I've been looking boost::tokenizer, and I've found that the documentation is very thin. Is it possible to make it tokenize a string such as "dolphin--monkey--baboon" and make every word a token, as well as every double dash a token? From the examples I've only seen single character delimiters being allowed. Is the library not advanced enough for more complicated delimiters?
A:
It looks like you will need to write your own TokenizerFunction to do what you want.
Adam Batkin
2009-08-09 20:56:44
I see. I was hoping that there'd be something pre-made, but I guess that I was hoping for too much.
Martin
2009-08-09 21:01:26
+1
A:
One option is to try boost::regex.

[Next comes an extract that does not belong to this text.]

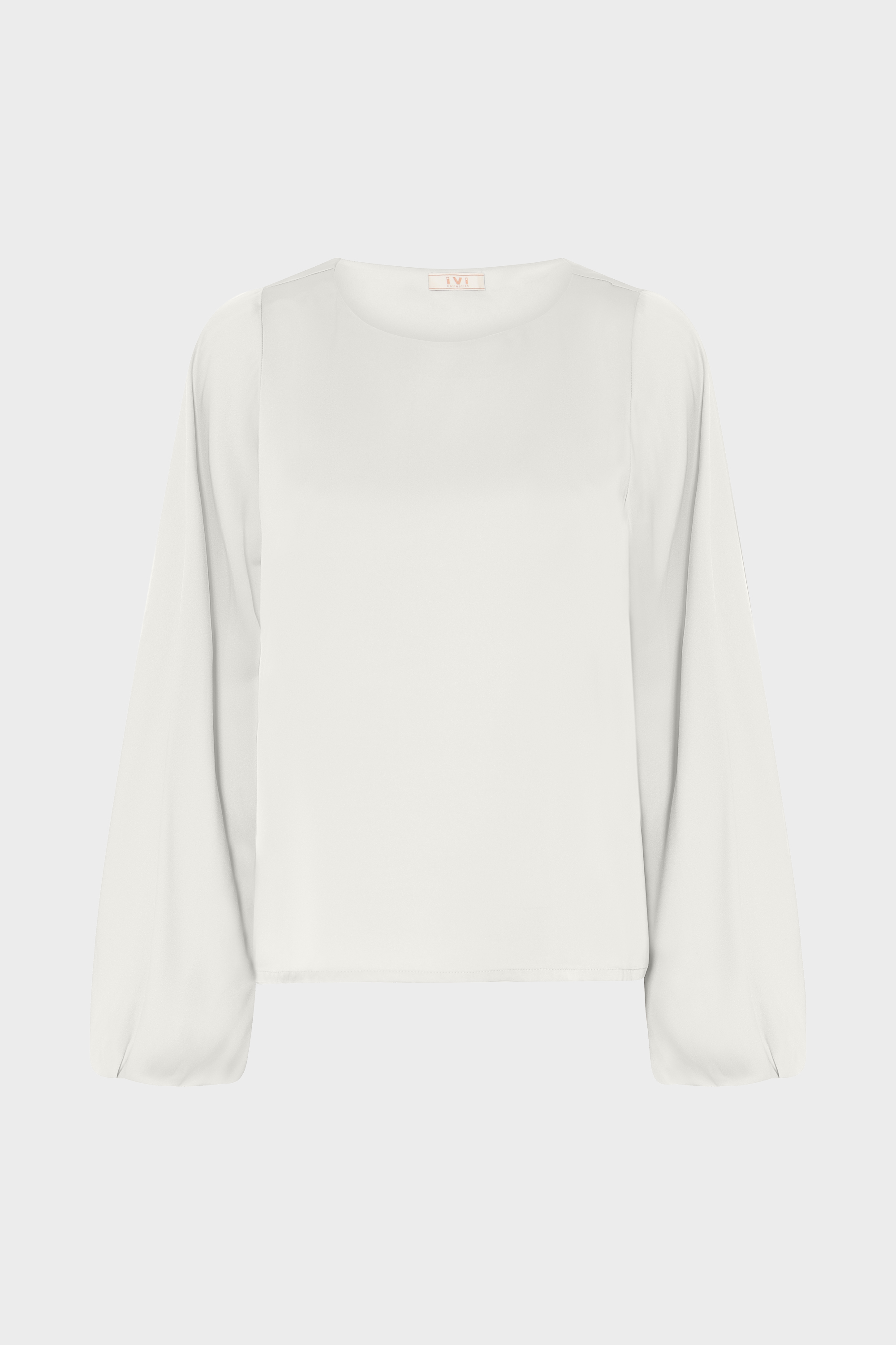 Denne elegante creme-farvede silkeskjorte fra IVI er designet til at forfine din garderobe med dens tidløse skønhed og komfort. Den bådformede halsudskæring tilføjer et strejf af raffinement, mens den langærmede design med skjult elastik giver en alsidig pasform, der kan tilpasses efter ønske.

Not sure of the performance compared to a custom tokenizer.
std::string s = "dolphin--monkey--baboon";
boost::regex re("[a-z|A-Z]+|--");
boost::sregex_token_iterator iter(s.begin(), s.end() , re, 0);
boost::sregex_token_iterator end_iter;
while(iter != end_iter)
{
std::cout << *iter << '\n';
++iter;
}
Nathan
2009-08-09 21:56:56
A:
using iter_split allows you to use multiple character tokens.

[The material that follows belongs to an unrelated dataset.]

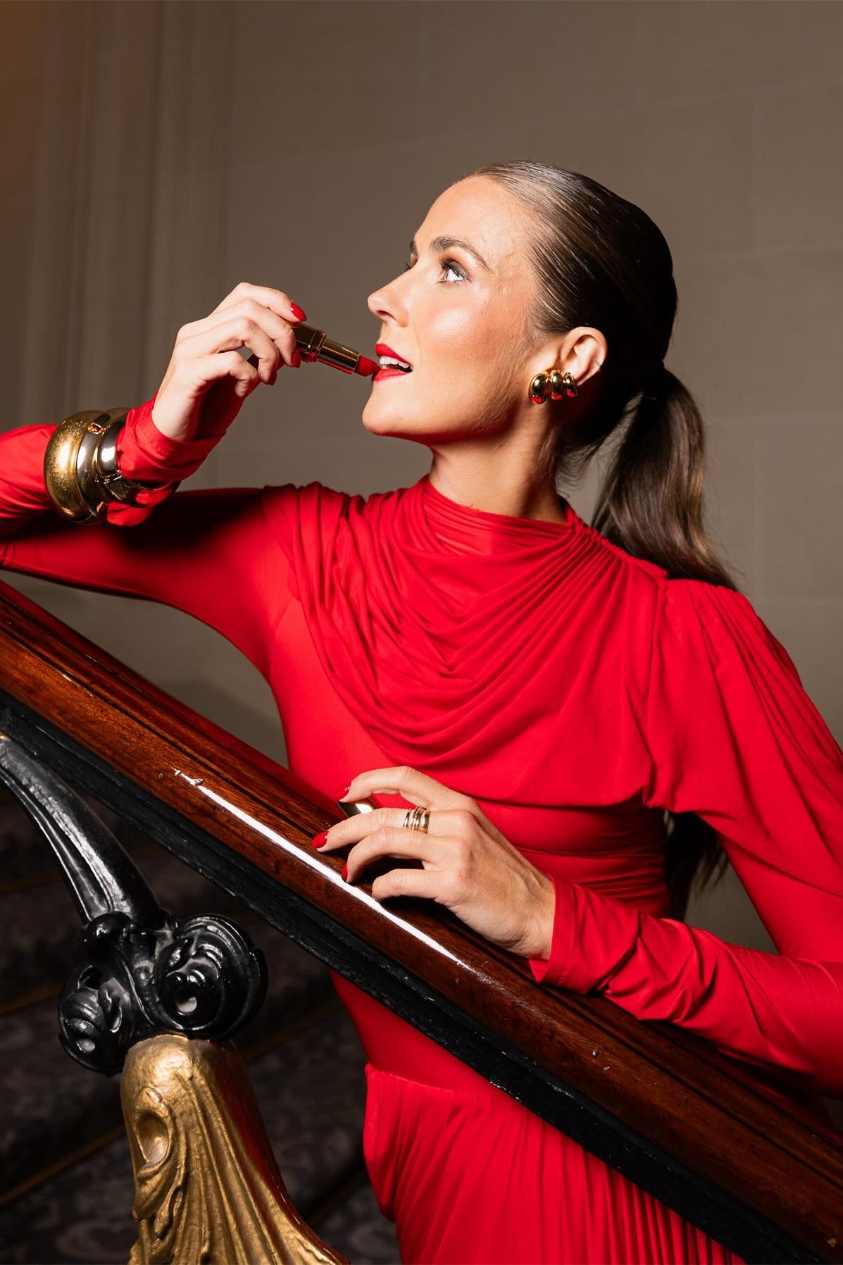 Asymmetric Drop Waist, Long Sleeve, Pleated, Maxi Length.

The code below would produce the following:
dolphin
mon-key
baboon
#include <iostream>
#include <boost/foreach.hpp>
#include <boost/algorithm/string.hpp>
#include <boost/algorithm/string/iter_find.hpp>
// code starts here
std::string s = "dolphin--mon-key--baboon";
std::list<std::string> stringList;
boost::iter_split(stringList, s, boost::first_finder("--"));
BOOST_FOREACH(std::string token, stringList)
{
std::cout << token << '\n'; ;
}
AnthonyC
2009-10-07 03:16:49